* WHAT TO PRODUCE:
Beneath this line are entries. Copy the range from the line with "为进一步提升学院人才培养水平" to the line with "In Wohnung 1", ends included, exactly; leave pictures out.

*** DATA UNDER STUDY Section Begins ***

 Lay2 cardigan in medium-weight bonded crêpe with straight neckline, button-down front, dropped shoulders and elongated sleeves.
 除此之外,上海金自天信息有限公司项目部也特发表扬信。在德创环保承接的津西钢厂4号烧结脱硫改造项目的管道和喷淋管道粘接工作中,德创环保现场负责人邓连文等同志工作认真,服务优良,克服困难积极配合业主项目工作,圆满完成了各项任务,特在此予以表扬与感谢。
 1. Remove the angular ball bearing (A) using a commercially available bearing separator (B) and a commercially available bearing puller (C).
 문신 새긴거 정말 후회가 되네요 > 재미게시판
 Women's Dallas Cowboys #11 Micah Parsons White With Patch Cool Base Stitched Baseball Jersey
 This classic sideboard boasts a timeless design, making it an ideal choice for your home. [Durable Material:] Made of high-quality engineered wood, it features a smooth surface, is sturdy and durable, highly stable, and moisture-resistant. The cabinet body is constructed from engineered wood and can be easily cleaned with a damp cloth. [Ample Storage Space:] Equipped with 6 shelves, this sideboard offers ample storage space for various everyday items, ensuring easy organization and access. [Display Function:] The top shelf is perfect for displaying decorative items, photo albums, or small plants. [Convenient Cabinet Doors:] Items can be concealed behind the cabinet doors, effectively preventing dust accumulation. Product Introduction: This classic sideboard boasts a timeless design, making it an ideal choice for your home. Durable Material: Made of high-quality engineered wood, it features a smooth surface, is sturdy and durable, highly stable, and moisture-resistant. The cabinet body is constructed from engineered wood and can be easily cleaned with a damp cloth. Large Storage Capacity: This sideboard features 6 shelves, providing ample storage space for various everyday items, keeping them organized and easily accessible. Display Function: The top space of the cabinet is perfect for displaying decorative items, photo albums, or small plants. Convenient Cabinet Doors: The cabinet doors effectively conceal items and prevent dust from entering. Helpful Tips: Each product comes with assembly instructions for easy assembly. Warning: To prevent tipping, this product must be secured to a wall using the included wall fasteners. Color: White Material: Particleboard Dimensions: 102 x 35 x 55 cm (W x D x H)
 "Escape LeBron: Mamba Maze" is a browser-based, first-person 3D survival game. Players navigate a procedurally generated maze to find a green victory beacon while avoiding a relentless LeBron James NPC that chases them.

*** DATA UNDER STUDY Section Ends ***
*** DATA UNDER STUDY Section Begins ***

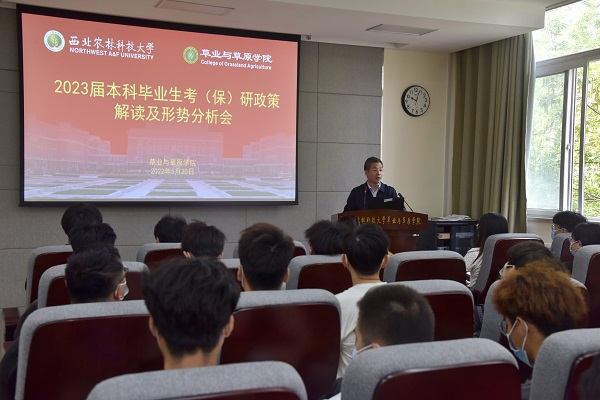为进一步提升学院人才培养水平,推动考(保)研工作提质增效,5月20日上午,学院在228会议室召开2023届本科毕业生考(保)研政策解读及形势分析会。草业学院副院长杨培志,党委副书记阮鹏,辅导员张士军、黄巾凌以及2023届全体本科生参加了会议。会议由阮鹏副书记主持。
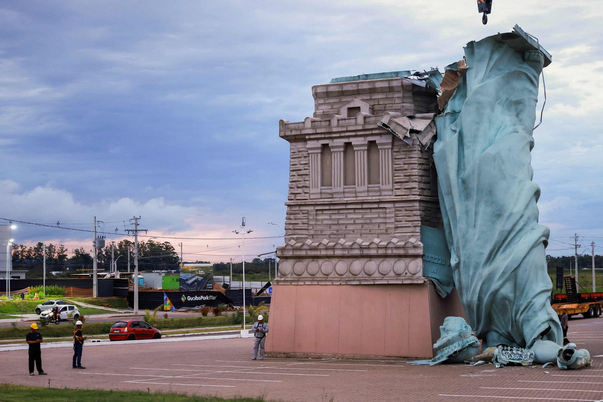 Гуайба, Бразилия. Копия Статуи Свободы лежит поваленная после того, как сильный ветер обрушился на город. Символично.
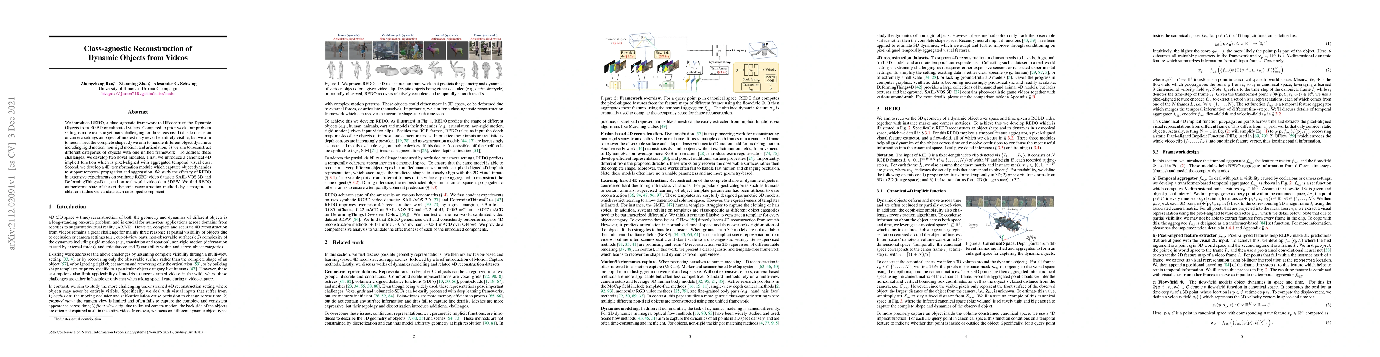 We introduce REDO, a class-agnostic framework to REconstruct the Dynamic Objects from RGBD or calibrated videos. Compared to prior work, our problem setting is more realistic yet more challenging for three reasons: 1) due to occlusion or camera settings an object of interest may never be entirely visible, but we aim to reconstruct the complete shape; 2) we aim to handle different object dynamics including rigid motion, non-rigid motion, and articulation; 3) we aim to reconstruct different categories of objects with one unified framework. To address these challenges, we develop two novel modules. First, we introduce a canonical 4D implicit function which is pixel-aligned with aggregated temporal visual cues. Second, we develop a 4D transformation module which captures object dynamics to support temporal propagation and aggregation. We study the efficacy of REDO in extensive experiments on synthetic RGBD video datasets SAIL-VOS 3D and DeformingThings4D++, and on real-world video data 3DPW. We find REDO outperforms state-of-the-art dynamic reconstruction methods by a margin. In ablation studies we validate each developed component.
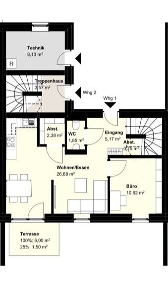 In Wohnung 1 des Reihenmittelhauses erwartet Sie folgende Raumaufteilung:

*** DATA UNDER STUDY Section Ends ***

* SOLUTION FOR THIS TASK:
为进一步提升学院人才培养水平,推动考(保)研工作提质增效,5月20日上午,学院在228会议室召开2023届本科毕业生考(保)研政策解读及形势分析会。草业学院副院长杨培志,党委副书记阮鹏,辅导员张士军、黄巾凌以及2023届全体本科生参加了会议。会议由阮鹏副书记主持。
 Гуайба, Бразилия. Копия Статуи Свободы лежит поваленная после того, как сильный ветер обрушился на город. Символично.
 We introduce REDO, a class-agnostic framework to REconstruct the Dynamic Objects from RGBD or calibrated videos. Compared to prior work, our problem setting is more realistic yet more challenging for three reasons: 1) due to occlusion or camera settings an object of interest may never be entirely visible, but we aim to reconstruct the complete shape; 2) we aim to handle different object dynamics including rigid motion, non-rigid motion, and articulation; 3) we aim to reconstruct different categories of objects with one unified framework. To address these challenges, we develop two novel modules. First, we introduce a canonical 4D implicit function which is pixel-aligned with aggregated temporal visual cues. Second, we develop a 4D transformation module which captures object dynamics to support temporal propagation and aggregation. We study the efficacy of REDO in extensive experiments on synthetic RGBD video datasets SAIL-VOS 3D and DeformingThings4D++, and on real-world video data 3DPW. We find REDO outperforms state-of-the-art dynamic reconstruction methods by a margin. In ablation studies we validate each developed component.
 In Wohnung 1 des Reihenmittelhauses erwartet Sie folgende Raumaufteilung:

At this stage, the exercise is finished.